Items from a data source:
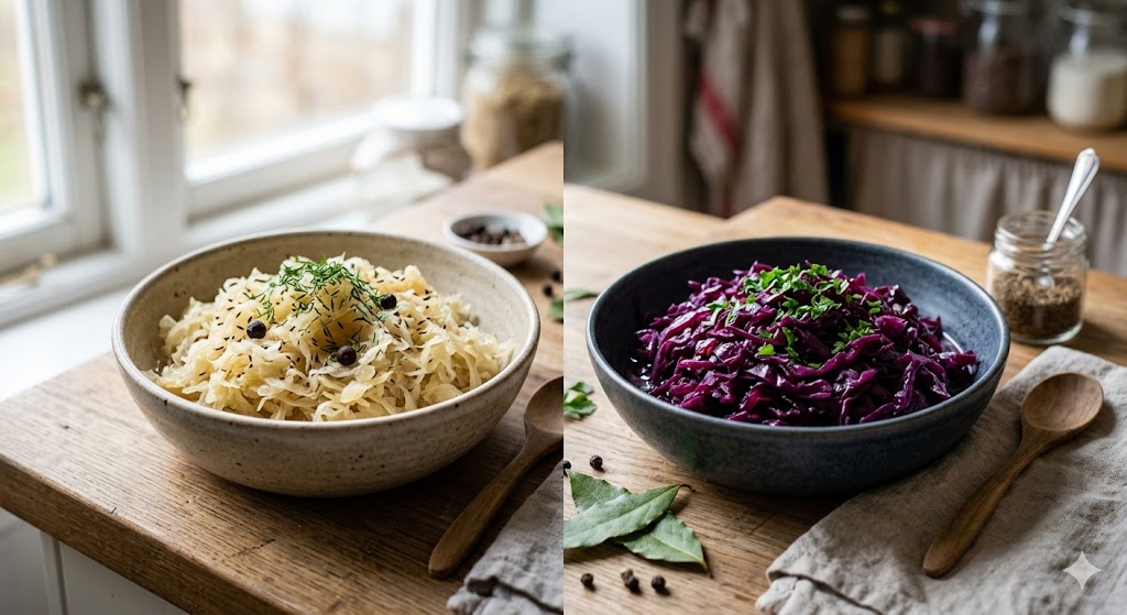 Hjemmelaget surkål og rødkål er essensielt for å balansere den fete julematen. Den syrlige smaken fra eddik og sødmen fra epler og sukker renser ganen mellom hver bit av ribben. Mange velger å kjøpe ferdige poser, men det er overraskende enkelt å lage selv, og smaken blir ofte langt dypere og mer kompleks. Ved å tilsette litt av ribbefettet i kålen mot slutten av koketiden, får du den autentiske smaken som knytter hele måltidet sammen.
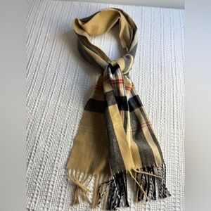 This stylish scarf features a timeless plaid design in tan and black, crafted from a soft, lightweight material. The fringe detailing adds a classic touch, making it a versatile accessory for any wardrobe.
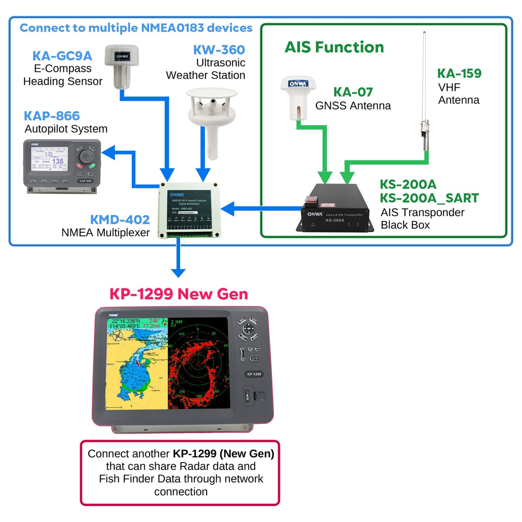 Отслеживать рыболовные лодки и небольшие коммерческие суда Может отправлять стандартное сообщение AIS и сообщение exactTrax ONWA AIS может подключить другие датчики к модулю AIS, такие как ультразвуковой датчик погоды и журнал скорости, для отправки с сообщением exactTrax *ПРИМЕЧАНИЕ: Чтобы использовать exactTrax, пользователь должен использовать ExactEarth Service.
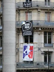 On 11 January 2007, activists from several associations, in particular Droit Au Logement (DAL or ), Collectif Jeudi Noir () and Macaq (abbreviation of Mouvement d’Animation Culturelle et Artistique de Quartier ()), denounced the inaction of the public authorities in the housing crisis by inaugurating a fake "Ministry of Housing Crisis" in the 2nd arrondissement of Paris, in the corner of Place de la Bourse and rue de la Banque. A poster diverting the logo of the government was displayed by adding a crowbar and a bunch of keys.[29]
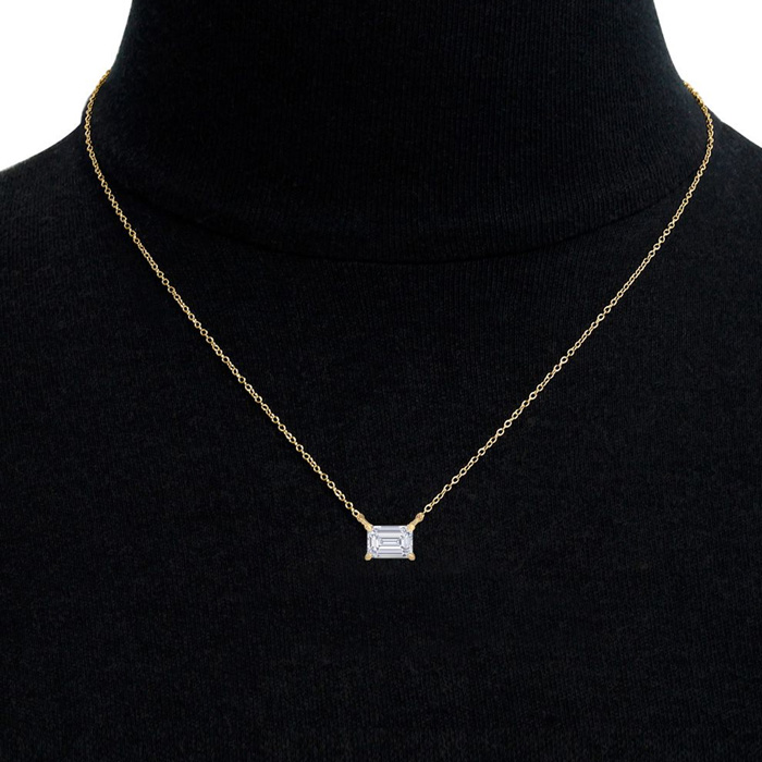 2 Carat Emerald Cut Lab Grown Diamond Solitaire Necklace In 14 Karat Yellow Gold
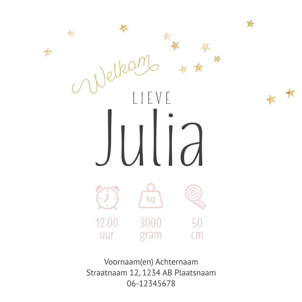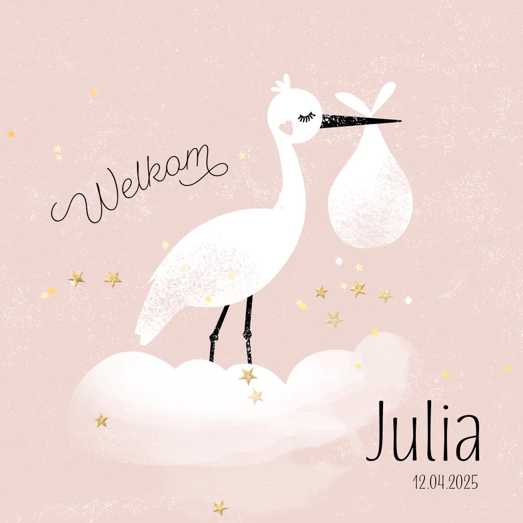 Schattig, origineel geboortekaartje van een ooievaar op een wolk. Met sterren en de tekst welkom. Met mooie roze kleuren en waterverf illustratie.
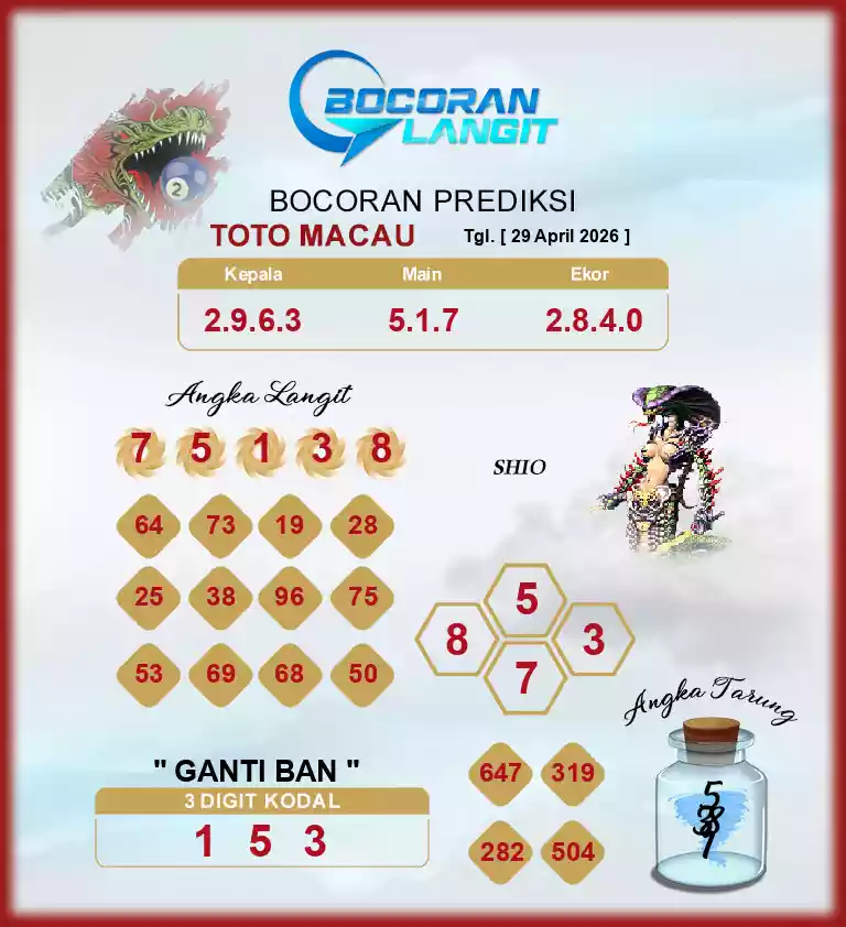 Syair togel Toto Macau adalah kode gambar yang dikeluarkan ke publik untuk menolong pemain judi togel supaya dapat semakin gampang untuk menang di menerka-nerka angka togel. Hal ini dikerjakan untuk dapat memperoleh kode syair togel karena itu pemain dapat segera membuka situs prediksi togel online yang telah disiapkan dengan fasilitas online. Situs Prediksi JOGJATOTO sendiri memiliki beberapa situs prediksi togel yang dibikin oleh beberapa master togel yang telah eksper yang mempunyai mimpi dapat menolong beberapa pencinta togel menang di beli nomor togel.
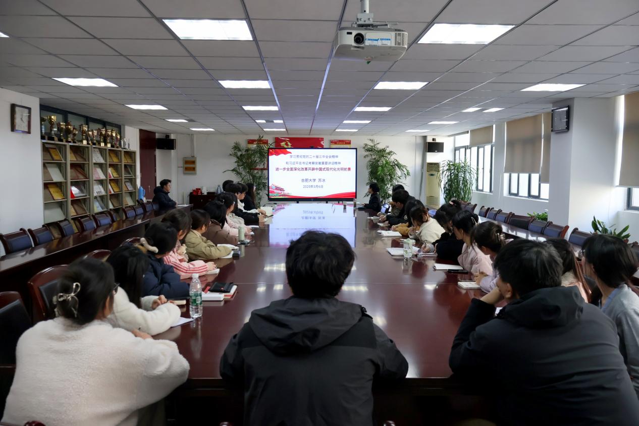 3月6日下午,合肥大學2025年第一期發展對象培訓班第二場理論授課在38-305 會議室舉行。合肥大學馬克思主義學院直屬黨支部書記、副院長蘇冰教授作為主講人,她以“進一步全面深化改革,開辟中國式現代化光明前景” 為主題,為學員們帶來了一場精神盛宴。
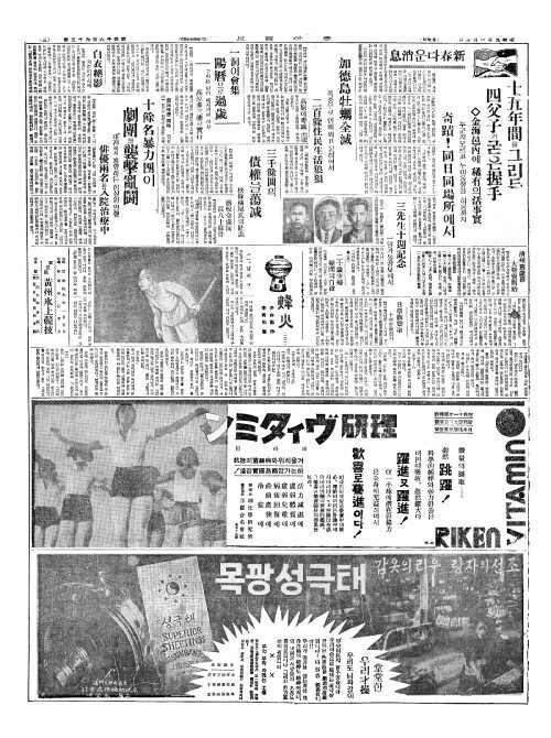 - 新春(신춘)다운消息(소식) 十五年間(십오년간)을그리든 四父子(사부자)가굳은握手(악수)
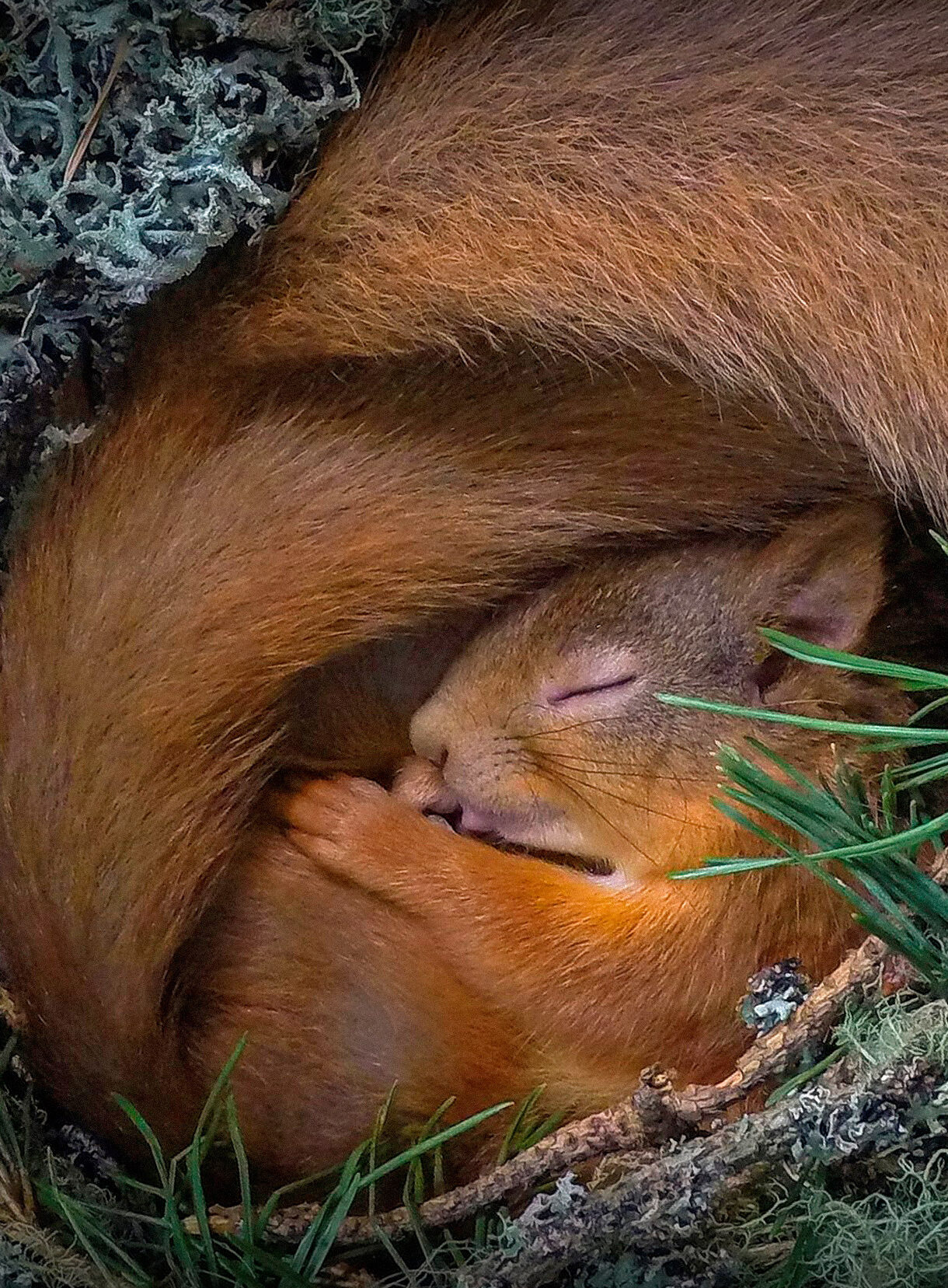 An endearing 4K wallpaper captures a red squirrel curled up and soundly sleeping in its lichen nest, nestled within the natural environment of the Scottish Highlands. Its vibrant auburn fur glows softly as it snuggles deeply into the intricate, pale green lichen and dark pine needles, creating a scene of profound peacefulness.
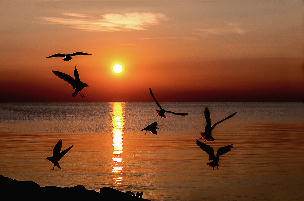 아침 해를 반기는 갈매기들
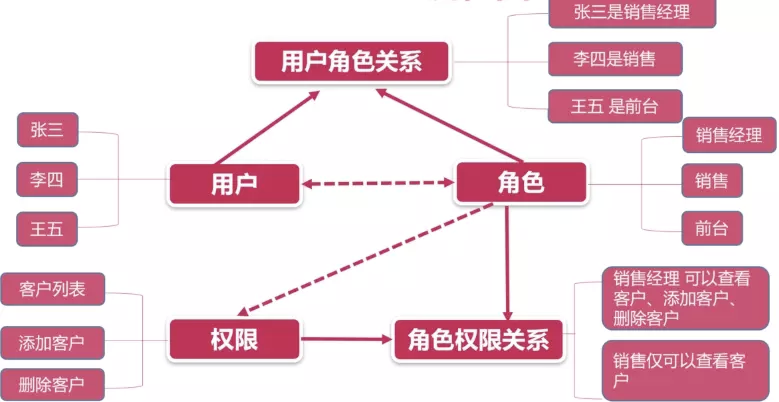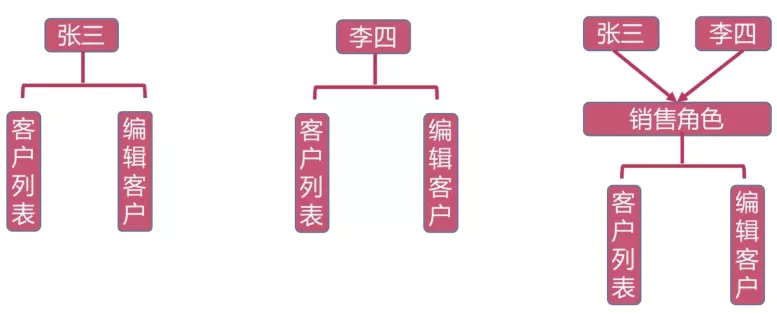 即,张三、李四是“销售角色”,而“销售角色拥有查看“客户列表”和“编辑客户”两个动作的权限,自然而然的,张三、李四就拥有查看“客户列表”和“编辑客户”两个动作的权限。
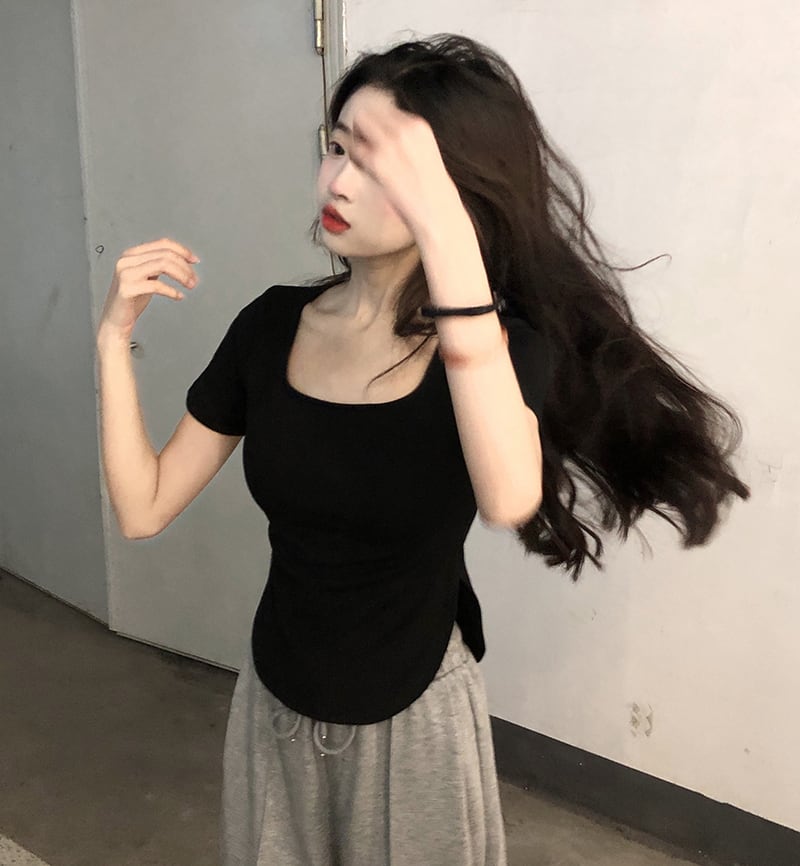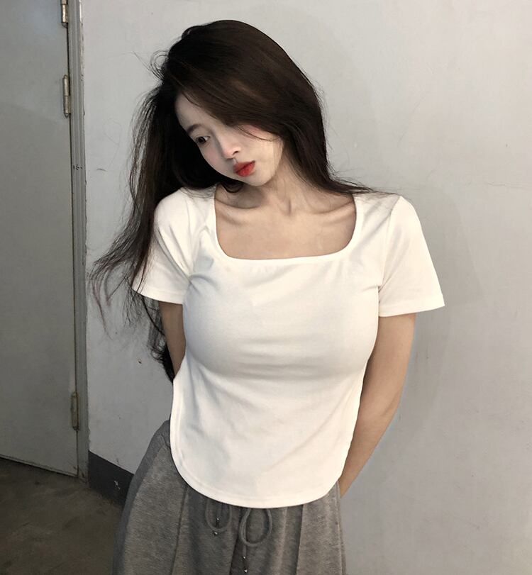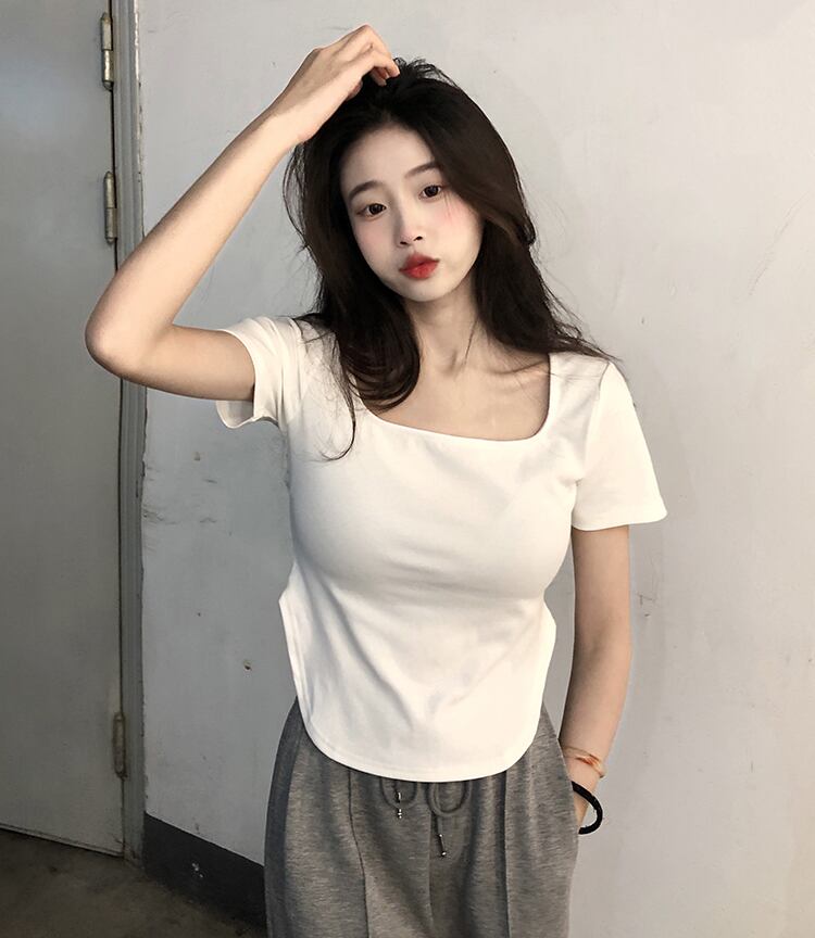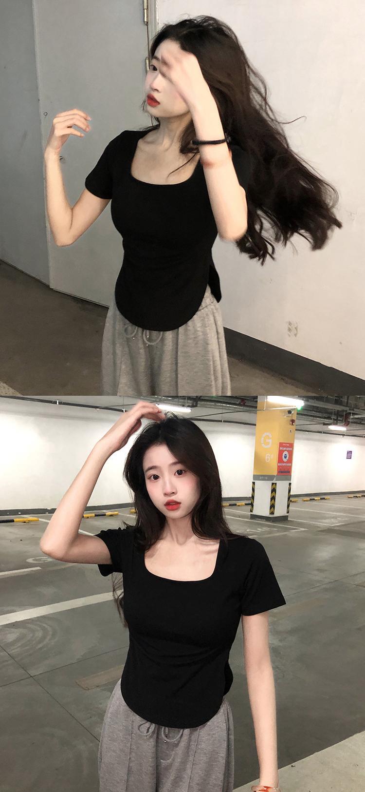 黒の肩の半袖Tシャツ女性XiaChunyuスタイルのスリムなスクエアカラーのボトミングシャツとショートトップTシャツ ブラック スクウェア 7460030158816160 | framboise21
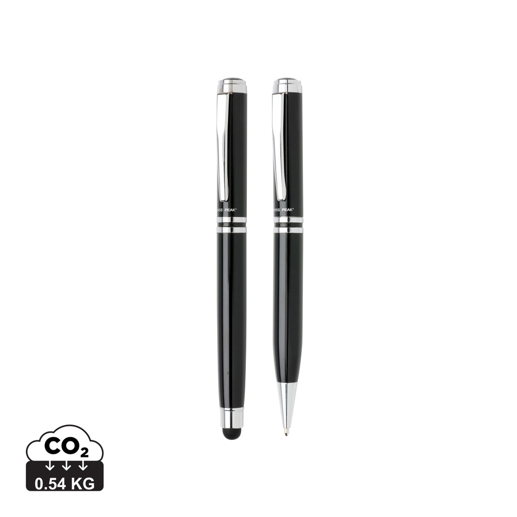 Autentisks pildspalvu komplekts, kam ir visas klasiskās kvalitātes pazīmes. Augstas kvalitātes smagā misiņa metāla rullīšu bumba ar irbuli un lodīšu pildspalvu ar Swiss Peak zīmolu. Ietver augstākās kvalitātes PU ādas maisiņu un dāvanu kastīti. Zilā tinte.

To do: Every line of the data is to be transcribed exactly, and no picture is to be included.

Solved exercise:
 Hjemmelaget surkål og rødkål er essensielt for å balansere den fete julematen. Den syrlige smaken fra eddik og sødmen fra epler og sukker renser ganen mellom hver bit av ribben. Mange velger å kjøpe ferdige poser, men det er overraskende enkelt å lage selv, og smaken blir ofte langt dypere og mer kompleks. Ved å tilsette litt av ribbefettet i kålen mot slutten av koketiden, får du den autentiske smaken som knytter hele måltidet sammen.
 This stylish scarf features a timeless plaid design in tan and black, crafted from a soft, lightweight material. The fringe detailing adds a classic touch, making it a versatile accessory for any wardrobe.
 Отслеживать рыболовные лодки и небольшие коммерческие суда Может отправлять стандартное сообщение AIS и сообщение exactTrax ONWA AIS может подключить другие датчики к модулю AIS, такие как ультразвуковой датчик погоды и журнал скорости, для отправки с сообщением exactTrax *ПРИМЕЧАНИЕ: Чтобы использовать exactTrax, пользователь должен использовать ExactEarth Service.
 On 11 January 2007, activists from several associations, in particular Droit Au Logement (DAL or ), Collectif Jeudi Noir () and Macaq (abbreviation of Mouvement d’Animation Culturelle et Artistique de Quartier ()), denounced the inaction of the public authorities in the housing crisis by inaugurating a fake "Ministry of Housing Crisis" in the 2nd arrondissement of Paris, in the corner of Place de la Bourse and rue de la Banque. A poster diverting the logo of the government was displayed by adding a crowbar and a bunch of keys.[29]
 2 Carat Emerald Cut Lab Grown Diamond Solitaire Necklace In 14 Karat Yellow Gold
 Schattig, origineel geboortekaartje van een ooievaar op een wolk. Met sterren en de tekst welkom. Met mooie roze kleuren en waterverf illustratie.
 Syair togel Toto Macau adalah kode gambar yang dikeluarkan ke publik untuk menolong pemain judi togel supaya dapat semakin gampang untuk menang di menerka-nerka angka togel. Hal ini dikerjakan untuk dapat memperoleh kode syair togel karena itu pemain dapat segera membuka situs prediksi togel online yang telah disiapkan dengan fasilitas online. Situs Prediksi JOGJATOTO sendiri memiliki beberapa situs prediksi togel yang dibikin oleh beberapa master togel yang telah eksper yang mempunyai mimpi dapat menolong beberapa pencinta togel menang di beli nomor togel.
 3月6日下午,合肥大學2025年第一期發展對象培訓班第二場理論授課在38-305 會議室舉行。合肥大學馬克思主義學院直屬黨支部書記、副院長蘇冰教授作為主講人,她以“進一步全面深化改革,開辟中國式現代化光明前景” 為主題,為學員們帶來了一場精神盛宴。
 - 新春(신춘)다운消息(소식) 十五年間(십오년간)을그리든 四父子(사부자)가굳은握手(악수)
 An endearing 4K wallpaper captures a red squirrel curled up and soundly sleeping in its lichen nest, nestled within the natural environment of the Scottish Highlands. Its vibrant auburn fur glows softly as it snuggles deeply into the intricate, pale green lichen and dark pine needles, creating a scene of profound peacefulness.
 아침 해를 반기는 갈매기들
 即,张三、李四是“销售角色”,而“销售角色拥有查看“客户列表”和“编辑客户”两个动作的权限,自然而然的,张三、李四就拥有查看“客户列表”和“编辑客户”两个动作的权限。
 黒の肩の半袖Tシャツ女性XiaChunyuスタイルのスリムなスクエアカラーのボトミングシャツとショートトップTシャツ ブラック スクウェア 7460030158816160 | framboise21
 Autentisks pildspalvu komplekts, kam ir visas klasiskās kvalitātes pazīmes. Augstas kvalitātes smagā misiņa metāla rullīšu bumba ar irbuli un lodīšu pildspalvu ar Swiss Peak zīmolu. Ietver augstākās kvalitātes PU ādas maisiņu un dāvanu kastīti. Zilā tinte.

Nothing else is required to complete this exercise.